Our economy for supporting 7 billion persons depends upon annually mining and burning fossil resources that took over one million years to accumulate. In addition to being temporary, our economy causes expensive harm to the environment and illnesses that are caused by air and water pollution cause loss of productivity of the human workforce.
Renewable resources such as solar, wind, wave, falling water and biomass wastes have tremendous potential but have not been utilized to any significant extent because of difficult materials problems and inadequate designs failed to overcome these problems.
For example, renewable resources for producing electricity are often intermittent. Solar energy is a daytime event and the daytime solar-energy-concentration potential varies seasonally. Wind energy is highly variable. Falling water varies seasonally and is subject to extended drought. Biomass is seasonally variant and subject to droughts. Dwellings have greatly varying demands including daily, seasonal, and occasional energy consumption rates. Throughout the world, energy that could be delivered by hydroelectric plants, wind farms, biomass conversion and solar collectors is neglected or wasted because of the lack of a practical way to save energy or electricity until it is needed. Demand by a growing world population for energy has grown to the point of requiring more oil and other fossil resources than can be produced. Cities suffer from smog and global climate changes caused by the combustion of fossil fuels.
Also, burgeoning demands have developed for hydrogen, oxygen, carbon, and other products that can be provided by thermochemistry or electrolytic dissociation of feedstocks such as water, biomass wastes, or organic acids derived from biowaste. For example, the global market for hydrogen is more than $40 billion, and includes ammonia production, refineries, chemical manufacturing and food processing.
Electro-chemical production of fuels, metals, non-metals, and other valuable chemicals has been limited by expensive electricity, low electrolyzer efficiency, high maintenance costs, and cumbersome requirements for energy intensive operations such as compressive pumping of produced gases to desired transmission, storage, and application pressures. Efforts to provide technology for reducing these problems are noted and incorporated hereby in publications such as “Hydrogen Production From Water By Means of Chemical Cycles,” by Glandt, Eduardo D., and Myers, Allan L., Department of Chemical and Biochemical Engineering, University of Pennsylvania, Philadelphia, Pa. 19174; Industrial Engineering Chemical Process Development, Vol. 15, No. 1, 1976; “Hydrogen As A Future Fuel, by Gregory, D. P., Institute of Gas Technology; and “Adsorption Science and Technology”: Proceedings of the Second Pacific Basin Conference on Adsorption Science and Technology: Brisbane, Australia, 14-18 May 2000, By D. Do Duong, Duong D. Do, Contributor Duong D. Do, Published by World Scientific, 2000; ISBN 9810242638, 9789810242633.

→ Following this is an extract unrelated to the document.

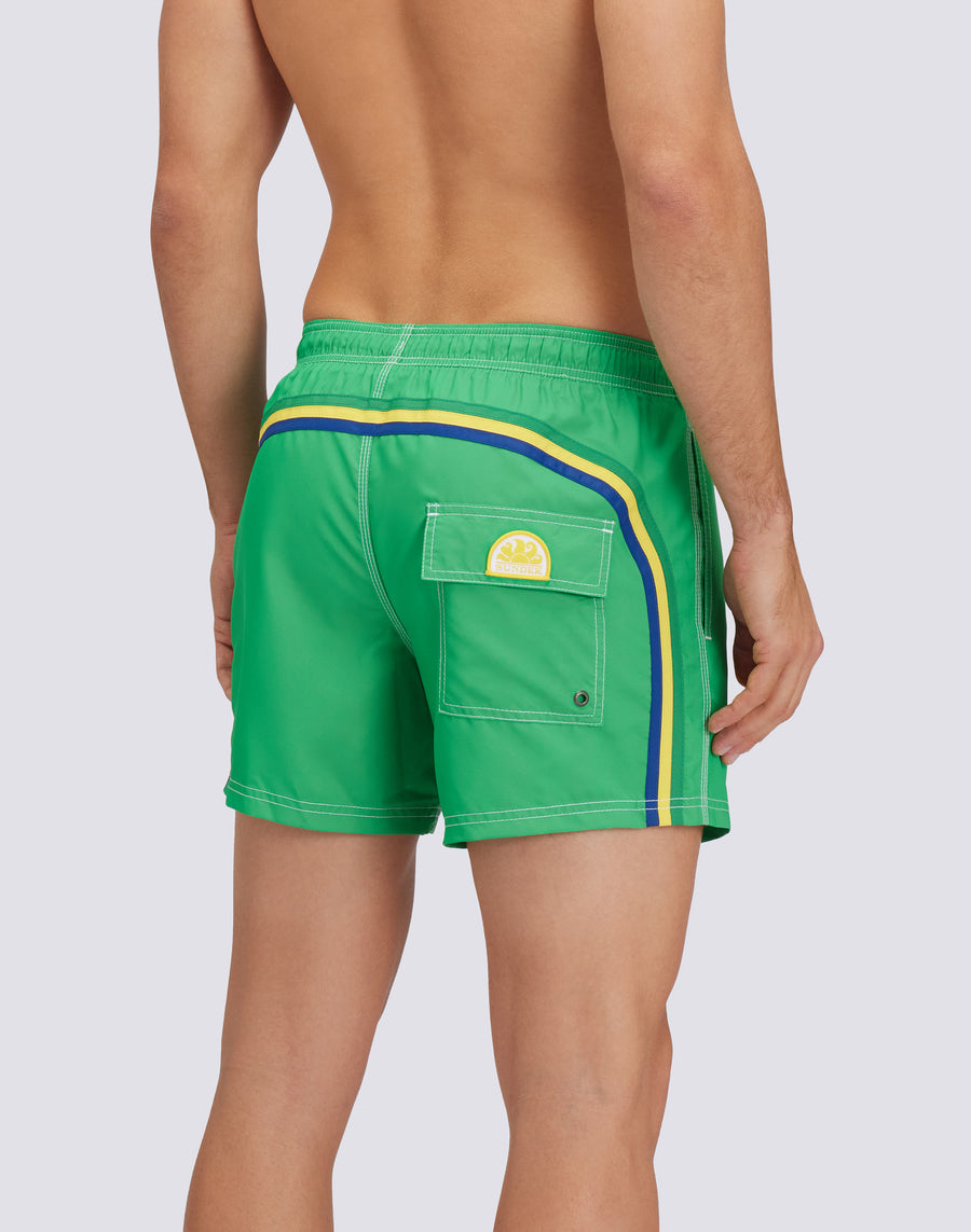 Men's shorts swimsuit made of Repreve® recycled fabric, a super lightweight quick-drying fabric. Sundek iconic rainbow detail on back and Brazil flag representation. Outer thigh length 14"/35 CM (in size M).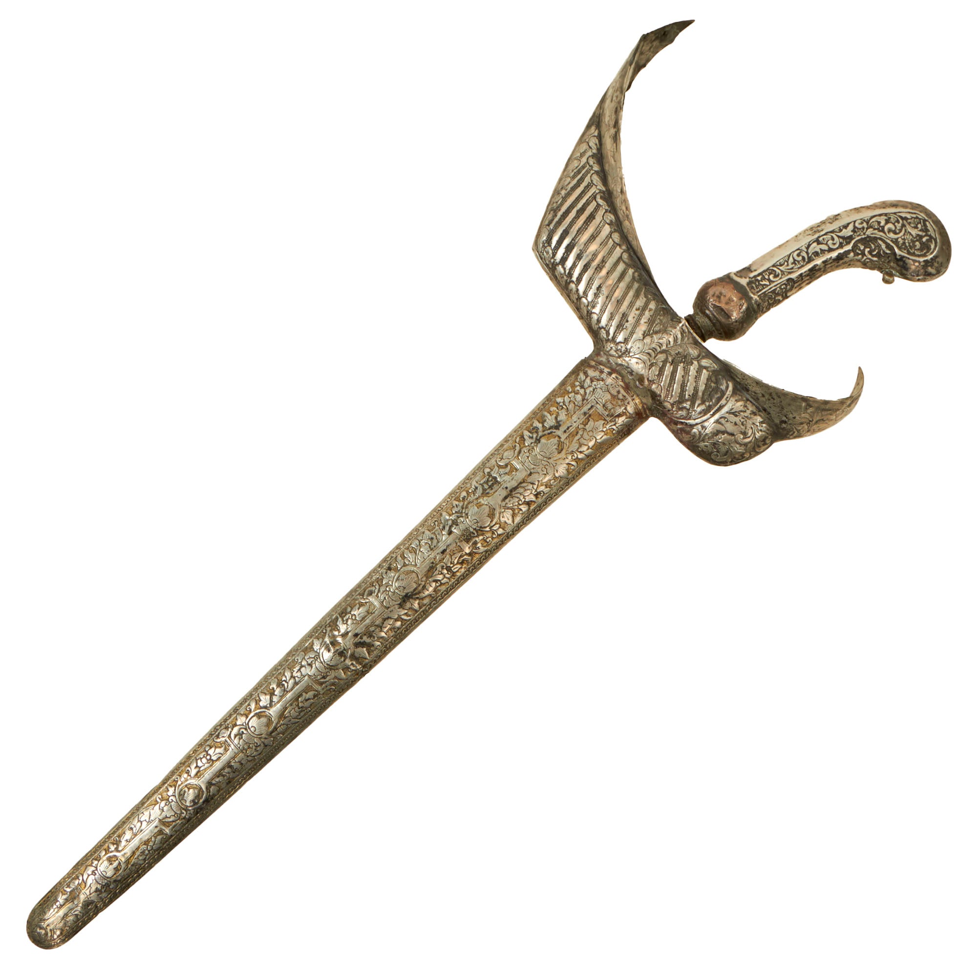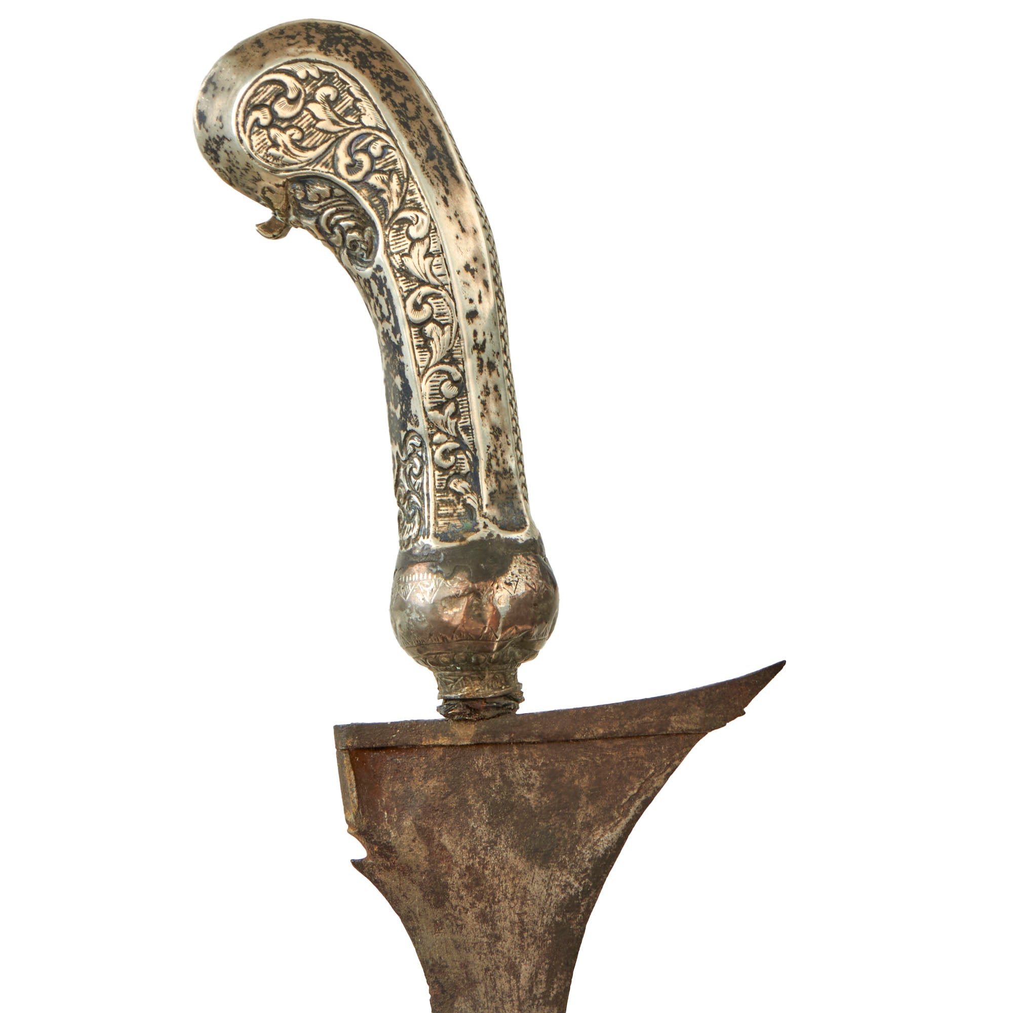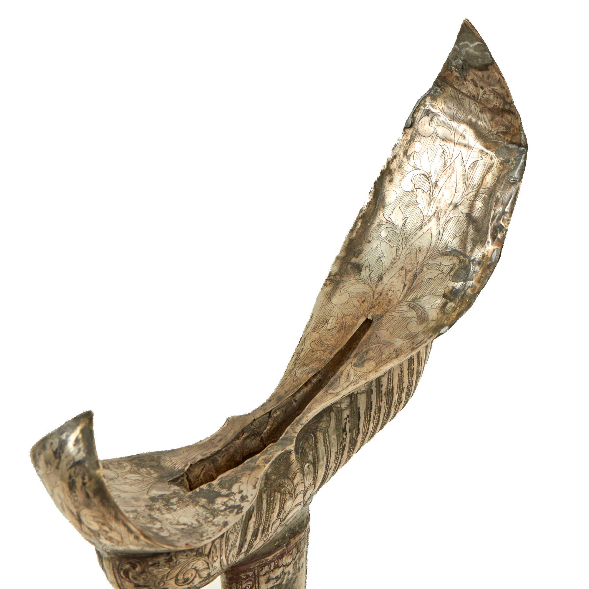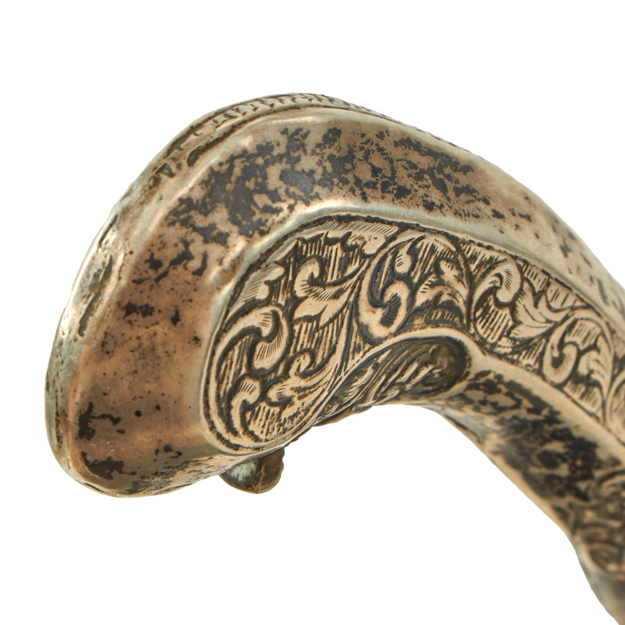 The blade is mounted in an ornate silver-clad hilt with lovely etching. The handle is a floral design with heavy wear overall.

Electrolyzers that allow hydrogen to mix with oxygen present the potential hazard of spontaneous fire or explosion. Efforts including low and high pressure electrolyzers that utilize expensive semi-permeable membrane separation of the gas production electrodes fail to provide cost-effective production of hydrogen and are prone to degradation and failure due to poisoning by impurities. Even in instances that membrane separation is utilized, the potential danger exists for membrane rupture and fire or explosion due to mixing of high-pressure oxygen and hydrogen.

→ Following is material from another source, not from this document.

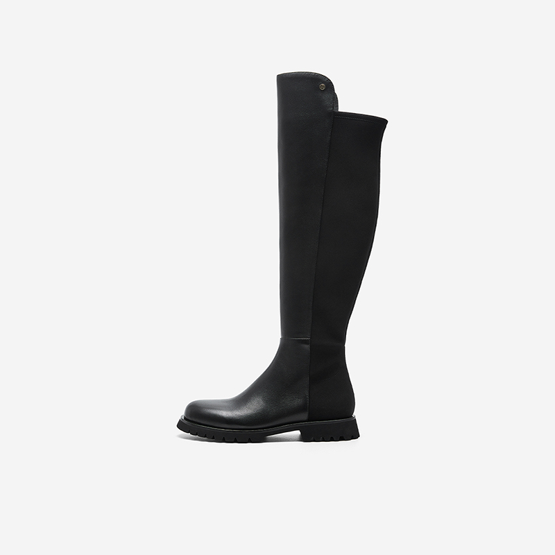 SW 5050 经典秋冬圆头骑士靴平跟过膝靴女拼接瘦瘦靴长筒靴女靴子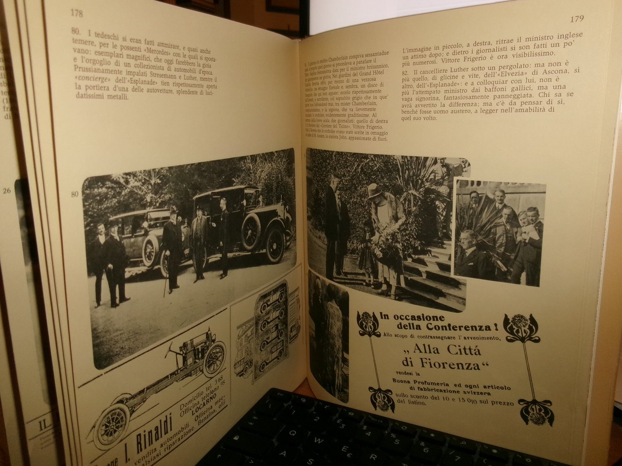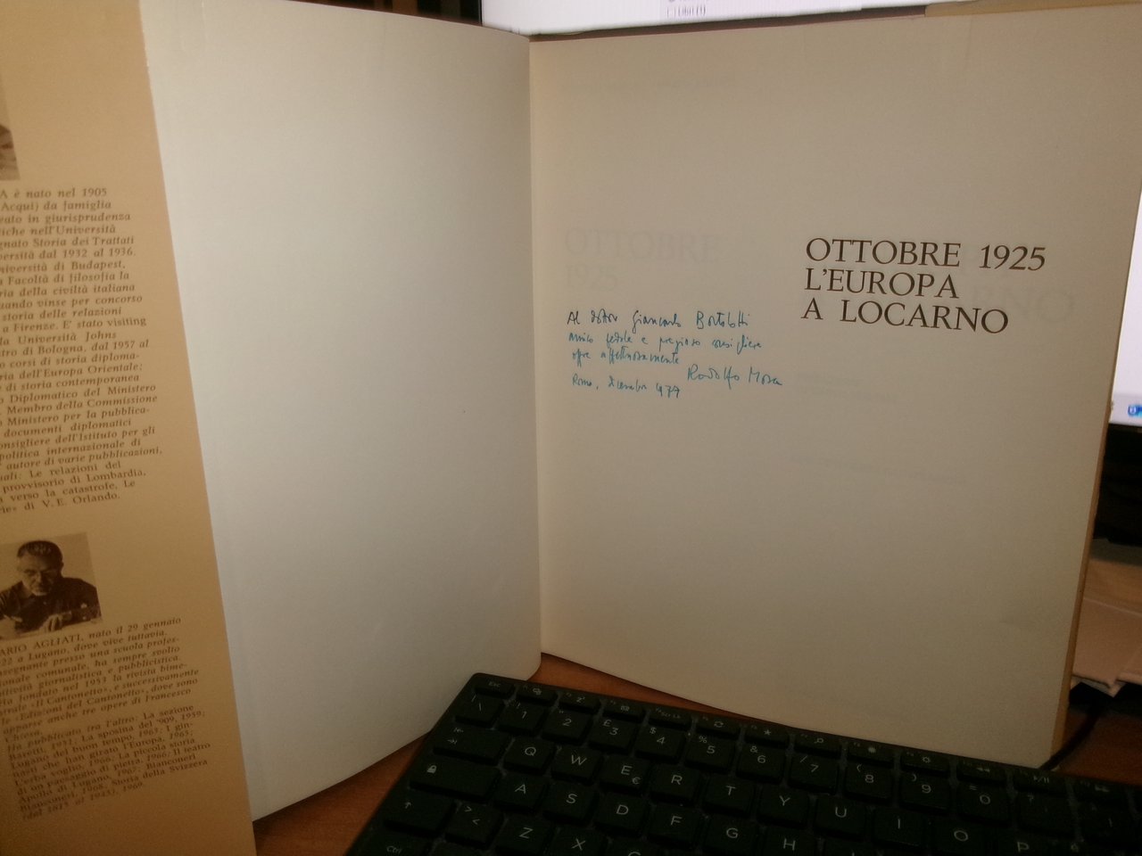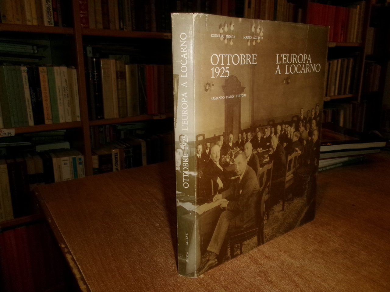 Ottobre 1925. L'Europa a Locarno + opuscolo. Mosca, Rodolfo / Agliati, Mario. Prefazione di Carlo Speziali. Locarno, Armando Dado' Editore, 1975. In-8° grande, tela edit. con titoli in oro e sovracopertina. 193, (4) pp. con centodieci illustrazioni + opuscolo con punto metallico da pag. 209 a pag. 228 (estratto). Libro ben conservato con dedica firmata dall' Autore all' occhietto. Piccoli strappetti nella sovracopertina riparati con scotch. Uff. B - III - 3 -

Some commercial electrolyzers use expensive porous electrodes such as an electrolytic proton exchange membrane (PEM) that only conducts hydrogen ions. (See Proton Energy Company and the Electrolyzer Company of Canada.) This limits the electrode efficiency because of polarization losses, gas accumulation, and reduction of available electrode area for the dissociation of water that can reach the interface of the electrodes and PEM electrolyte. Along with the limited electrode efficiency are other difficult problems including membrane ruptures due to the pressure difference between the oxygen and hydrogen outlets, membrane poisoning due to impurities in the make-up water, irreversible membrane degradation due to contaminants or slight overheating of the membrane, membrane degradation or rupture if the membrane is allowed to dry out while not in service, and degradation of electrodes at the membrane interface due to corrosion by one or more inducements such as concentration cell formation, galvanic cells between catalysts and bulk electrode material, and ground loops. Layering of electrode and PEM materials provide built in stagnation of the reactants or products of the reaction to cause inefficient operation. PEM electrochemical cells require expensive membrane material, surfactants, and catalysts. PEM cells are easily poisoned, overheated, flooded or dried out and pose operational hazards due to membrane leakage or rupture.

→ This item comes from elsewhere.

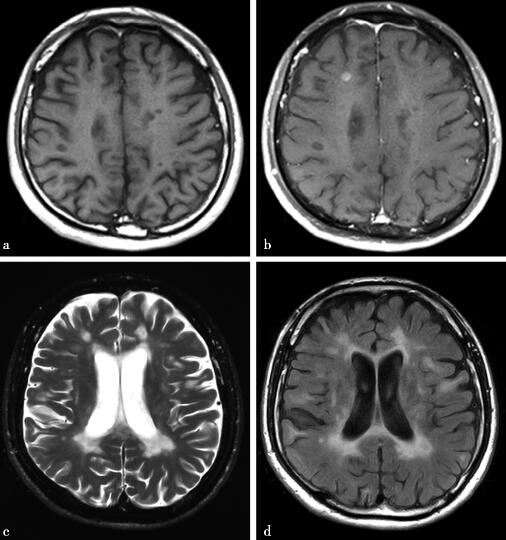 图1a,轴位T1WI见双侧侧脑室旁及胼胝体层面白质区数个类圆形稍长T1信号影。1-4-6b,轴位T1WI增强,见右侧额叶皮层下病灶结节样强化。图1c~d,轴位T2WI和FLAIR序列。图1a,见病灶呈稍长T2信号影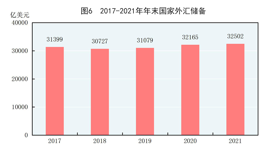 年末国家外汇储备32502亿美元,比上年末增加336亿美元。全年人民币平均汇率为1美元兑6.4515元人民币,比上年升值6.9%。

In addition to inefficiencies, problems with such systems include parasitic losses, expensive electrodes or catalysts and membranes, low energy conversion efficiency, expensive maintenance, and high operating costs. Compressors or more expensive membrane systems are situationally required to pressurize hydrogen and oxygen and other products of electrolysis. Corollaries of the last mentioned problem are unacceptable maintenance requirements, high repair expenses, and substantial decommissioning costs.